Task directions: When copying the data below, keep only the lines from the one with "Tavolo allungabile vetro" through the one with "Two or one player", word for word, and skip the pictures.

Excerpted data:

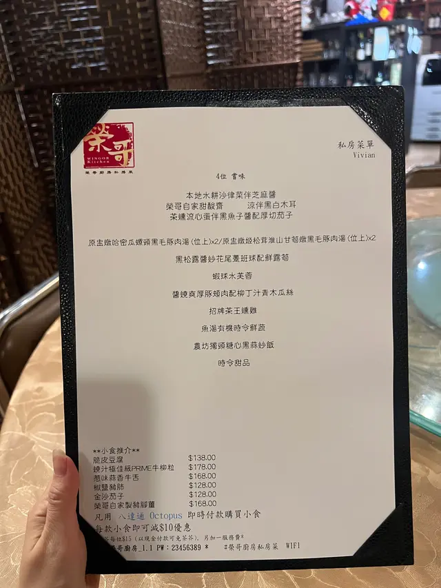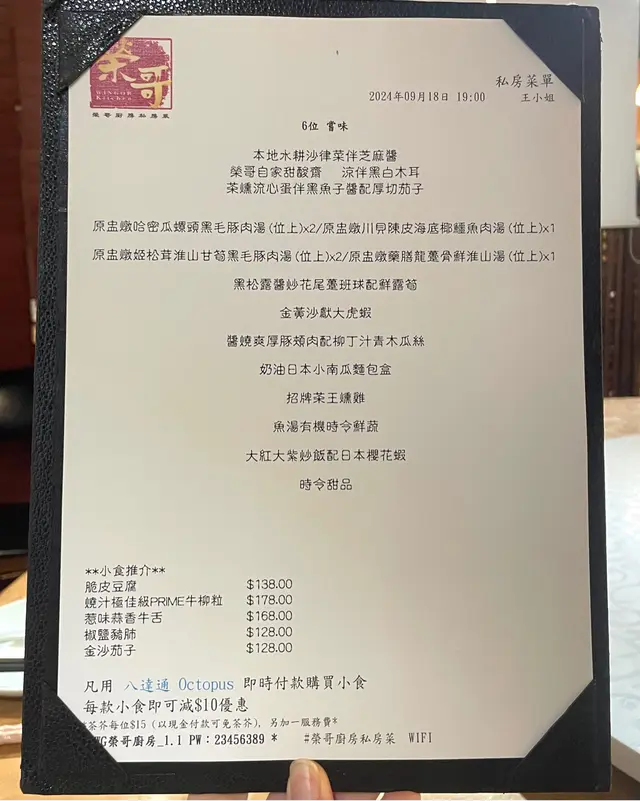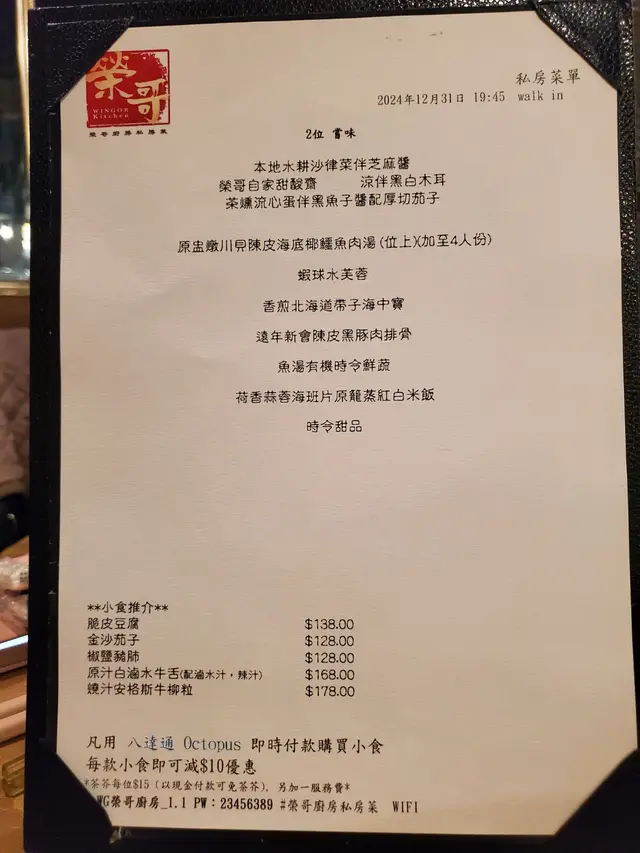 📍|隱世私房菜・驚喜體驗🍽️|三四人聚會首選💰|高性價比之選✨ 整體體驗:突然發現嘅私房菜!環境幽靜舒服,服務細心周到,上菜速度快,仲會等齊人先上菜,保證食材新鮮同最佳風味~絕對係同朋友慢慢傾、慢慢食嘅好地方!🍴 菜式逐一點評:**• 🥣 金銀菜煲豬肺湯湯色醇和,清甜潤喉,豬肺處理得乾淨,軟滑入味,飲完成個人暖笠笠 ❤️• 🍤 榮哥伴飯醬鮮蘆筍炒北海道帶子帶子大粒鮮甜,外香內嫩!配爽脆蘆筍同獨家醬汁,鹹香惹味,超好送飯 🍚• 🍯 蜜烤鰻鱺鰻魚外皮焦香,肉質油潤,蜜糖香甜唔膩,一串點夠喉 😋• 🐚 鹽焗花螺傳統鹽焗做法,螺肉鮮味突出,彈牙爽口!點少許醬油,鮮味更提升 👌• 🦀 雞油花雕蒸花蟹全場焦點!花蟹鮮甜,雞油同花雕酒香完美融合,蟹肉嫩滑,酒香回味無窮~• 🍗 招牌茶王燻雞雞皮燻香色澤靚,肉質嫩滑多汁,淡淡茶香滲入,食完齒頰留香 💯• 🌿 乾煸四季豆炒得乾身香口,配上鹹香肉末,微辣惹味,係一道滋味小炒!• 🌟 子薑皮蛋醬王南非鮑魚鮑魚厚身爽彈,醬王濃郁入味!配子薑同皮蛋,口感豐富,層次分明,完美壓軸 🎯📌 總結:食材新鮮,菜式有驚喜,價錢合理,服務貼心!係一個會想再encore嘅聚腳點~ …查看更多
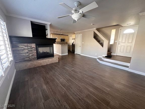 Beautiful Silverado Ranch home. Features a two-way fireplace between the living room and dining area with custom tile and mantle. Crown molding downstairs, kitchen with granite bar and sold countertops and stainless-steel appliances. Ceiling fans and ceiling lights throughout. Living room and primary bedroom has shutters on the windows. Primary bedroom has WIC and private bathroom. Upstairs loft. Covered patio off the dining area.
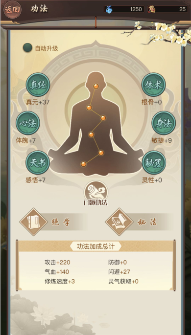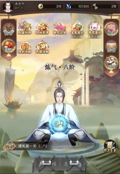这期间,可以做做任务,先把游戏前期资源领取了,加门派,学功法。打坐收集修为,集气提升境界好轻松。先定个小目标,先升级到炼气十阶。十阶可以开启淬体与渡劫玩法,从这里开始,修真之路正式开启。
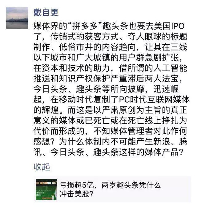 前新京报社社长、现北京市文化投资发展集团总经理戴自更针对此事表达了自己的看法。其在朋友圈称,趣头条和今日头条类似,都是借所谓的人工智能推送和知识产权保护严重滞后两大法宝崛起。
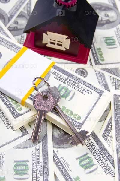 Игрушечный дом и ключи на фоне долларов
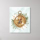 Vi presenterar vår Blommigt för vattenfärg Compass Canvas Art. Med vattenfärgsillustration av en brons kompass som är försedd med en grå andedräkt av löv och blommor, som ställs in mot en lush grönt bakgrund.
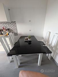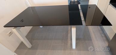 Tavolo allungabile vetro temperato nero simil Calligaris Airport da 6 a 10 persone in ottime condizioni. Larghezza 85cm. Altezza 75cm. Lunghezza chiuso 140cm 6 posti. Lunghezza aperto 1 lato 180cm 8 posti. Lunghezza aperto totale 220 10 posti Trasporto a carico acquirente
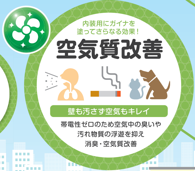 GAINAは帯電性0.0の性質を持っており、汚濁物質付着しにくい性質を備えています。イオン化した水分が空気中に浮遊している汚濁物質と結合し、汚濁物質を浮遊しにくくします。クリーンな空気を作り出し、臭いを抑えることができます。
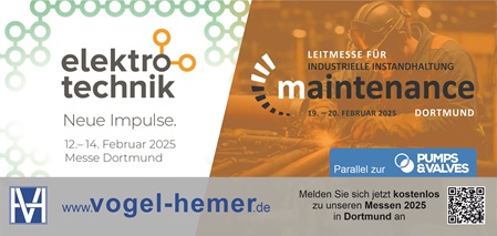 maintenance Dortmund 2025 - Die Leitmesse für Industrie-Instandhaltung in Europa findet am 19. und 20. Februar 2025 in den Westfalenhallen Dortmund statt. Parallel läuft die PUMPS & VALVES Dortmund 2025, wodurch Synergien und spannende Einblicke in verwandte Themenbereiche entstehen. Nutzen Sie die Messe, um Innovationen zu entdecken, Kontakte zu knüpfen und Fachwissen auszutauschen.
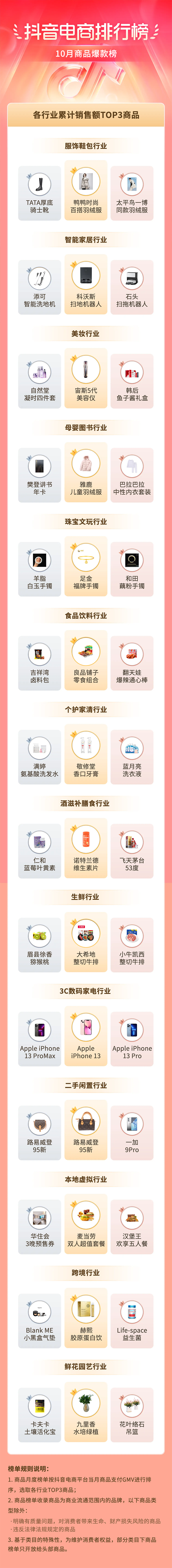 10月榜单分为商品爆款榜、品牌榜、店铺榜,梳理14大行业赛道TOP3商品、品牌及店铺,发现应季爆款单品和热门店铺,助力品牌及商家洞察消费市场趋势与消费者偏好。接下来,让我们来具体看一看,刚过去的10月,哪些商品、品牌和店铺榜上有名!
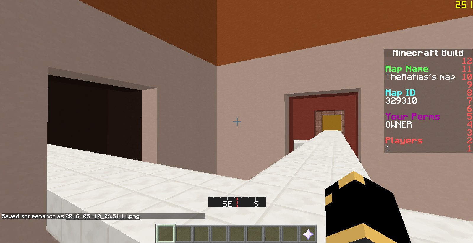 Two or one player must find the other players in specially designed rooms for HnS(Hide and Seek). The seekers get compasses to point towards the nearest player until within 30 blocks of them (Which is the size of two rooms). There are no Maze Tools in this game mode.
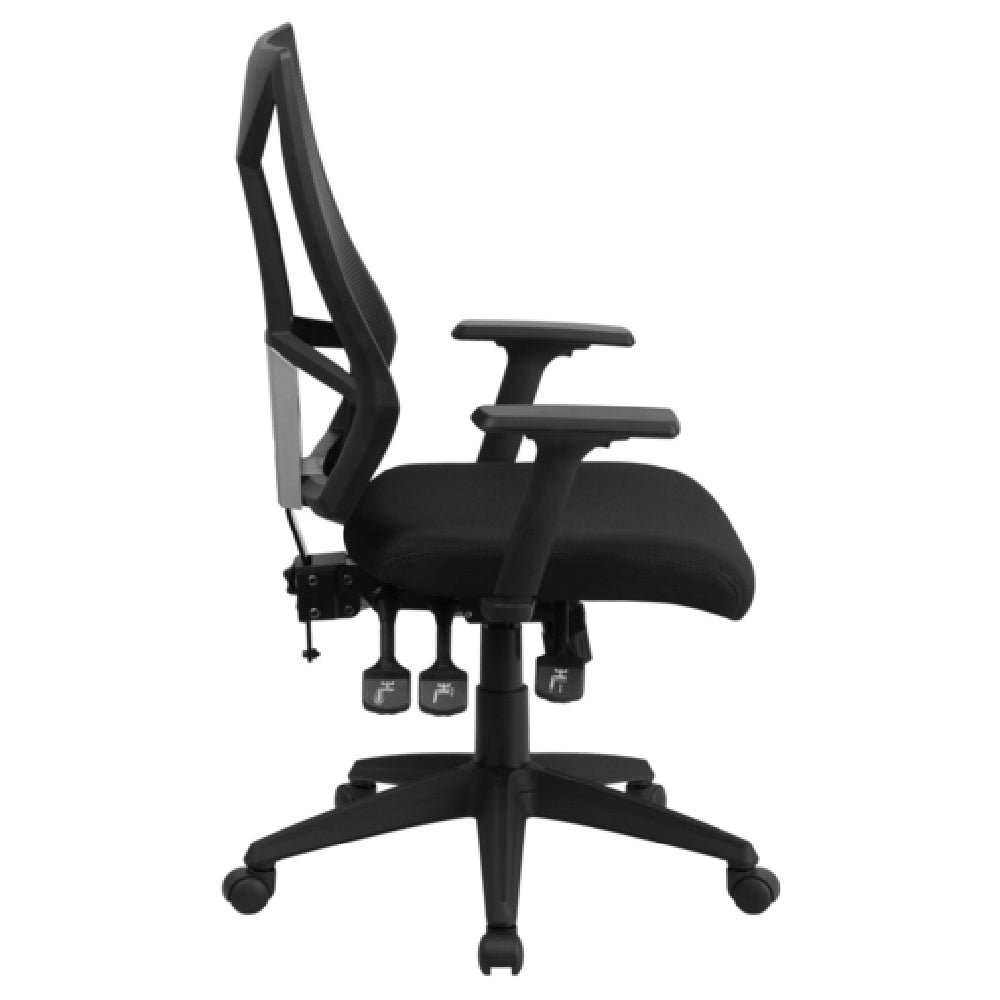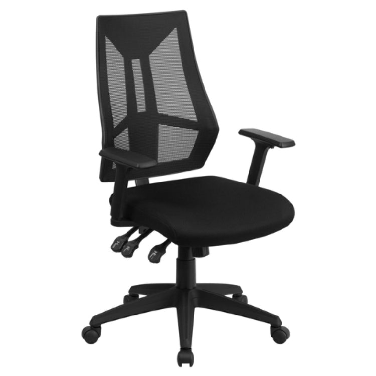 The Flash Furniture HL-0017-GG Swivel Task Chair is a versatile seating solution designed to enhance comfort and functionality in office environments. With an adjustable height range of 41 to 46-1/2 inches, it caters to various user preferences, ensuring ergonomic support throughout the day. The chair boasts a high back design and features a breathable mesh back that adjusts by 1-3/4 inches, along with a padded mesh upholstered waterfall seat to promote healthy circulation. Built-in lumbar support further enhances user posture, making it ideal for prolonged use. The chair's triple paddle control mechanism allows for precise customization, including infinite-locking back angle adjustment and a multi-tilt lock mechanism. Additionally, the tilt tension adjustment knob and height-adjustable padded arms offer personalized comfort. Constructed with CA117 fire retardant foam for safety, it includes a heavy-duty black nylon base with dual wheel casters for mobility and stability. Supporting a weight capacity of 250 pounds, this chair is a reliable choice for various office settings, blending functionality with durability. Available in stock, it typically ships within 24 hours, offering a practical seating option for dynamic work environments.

Answer for the task:
 Tavolo allungabile vetro temperato nero simil Calligaris Airport da 6 a 10 persone in ottime condizioni. Larghezza 85cm. Altezza 75cm. Lunghezza chiuso 140cm 6 posti. Lunghezza aperto 1 lato 180cm 8 posti. Lunghezza aperto totale 220 10 posti Trasporto a carico acquirente
 GAINAは帯電性0.0の性質を持っており、汚濁物質付着しにくい性質を備えています。イオン化した水分が空気中に浮遊している汚濁物質と結合し、汚濁物質を浮遊しにくくします。クリーンな空気を作り出し、臭いを抑えることができます。
 maintenance Dortmund 2025 - Die Leitmesse für Industrie-Instandhaltung in Europa findet am 19. und 20. Februar 2025 in den Westfalenhallen Dortmund statt. Parallel läuft die PUMPS & VALVES Dortmund 2025, wodurch Synergien und spannende Einblicke in verwandte Themenbereiche entstehen. Nutzen Sie die Messe, um Innovationen zu entdecken, Kontakte zu knüpfen und Fachwissen auszutauschen.
 10月榜单分为商品爆款榜、品牌榜、店铺榜,梳理14大行业赛道TOP3商品、品牌及店铺,发现应季爆款单品和热门店铺,助力品牌及商家洞察消费市场趋势与消费者偏好。接下来,让我们来具体看一看,刚过去的10月,哪些商品、品牌和店铺榜上有名!
 Two or one player must find the other players in specially designed rooms for HnS(Hide and Seek). The seekers get compasses to point towards the nearest player until within 30 blocks of them (Which is the size of two rooms). There are no Maze Tools in this game mode.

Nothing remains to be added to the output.